(Beginning of STORED DATA)

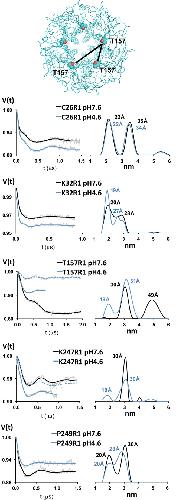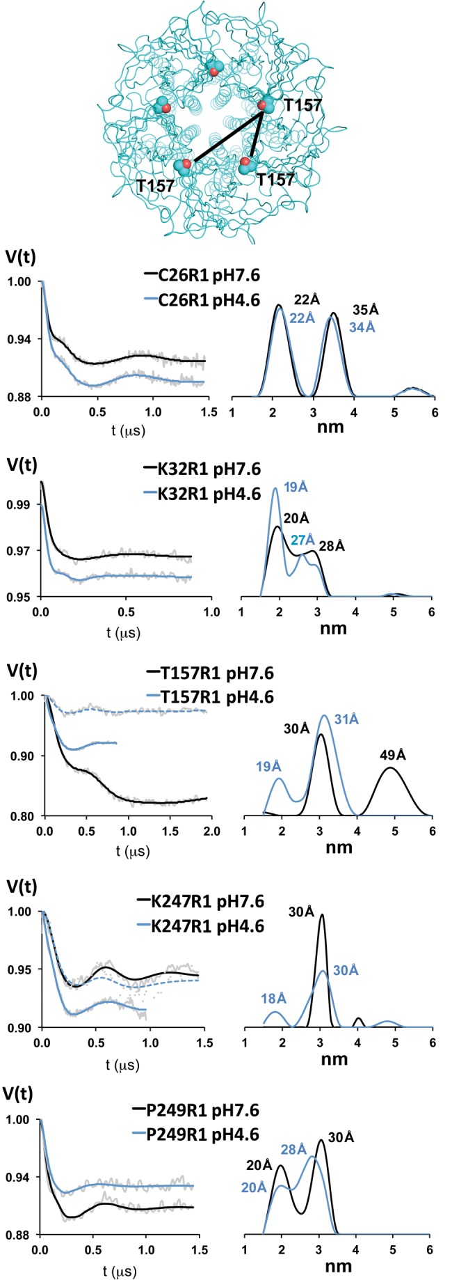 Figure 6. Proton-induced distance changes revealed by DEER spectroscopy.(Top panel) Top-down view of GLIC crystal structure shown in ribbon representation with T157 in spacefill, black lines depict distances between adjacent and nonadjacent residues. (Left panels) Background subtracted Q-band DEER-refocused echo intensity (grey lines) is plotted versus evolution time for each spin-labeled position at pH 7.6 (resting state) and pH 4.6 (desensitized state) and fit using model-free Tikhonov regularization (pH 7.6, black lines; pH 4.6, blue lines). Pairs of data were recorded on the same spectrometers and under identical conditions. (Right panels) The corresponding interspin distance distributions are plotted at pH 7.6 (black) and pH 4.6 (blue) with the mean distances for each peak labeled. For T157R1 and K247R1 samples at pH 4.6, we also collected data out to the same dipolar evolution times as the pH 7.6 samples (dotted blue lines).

(End of STORED DATA)
(Beginning of STORED DATA)

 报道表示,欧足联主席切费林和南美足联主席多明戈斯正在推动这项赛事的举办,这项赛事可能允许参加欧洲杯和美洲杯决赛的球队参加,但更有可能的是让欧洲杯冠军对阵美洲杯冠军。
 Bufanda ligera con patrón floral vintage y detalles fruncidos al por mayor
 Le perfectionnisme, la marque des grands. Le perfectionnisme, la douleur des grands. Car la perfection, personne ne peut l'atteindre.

(End of STORED DATA)

#### [TASK TO CARRY OUT]
Among the entries above, the line containing "Bufanda ligera con", the line containing "Le perfectionnisme, la marque", and all lines between them are to be restated word for word; nothing else belongs in the reply.

#### [TASK SOLUTION]
 Bufanda ligera con patrón floral vintage y detalles fruncidos al por mayor
 Le perfectionnisme, la marque des grands. Le perfectionnisme, la douleur des grands. Car la perfection, personne ne peut l'atteindre.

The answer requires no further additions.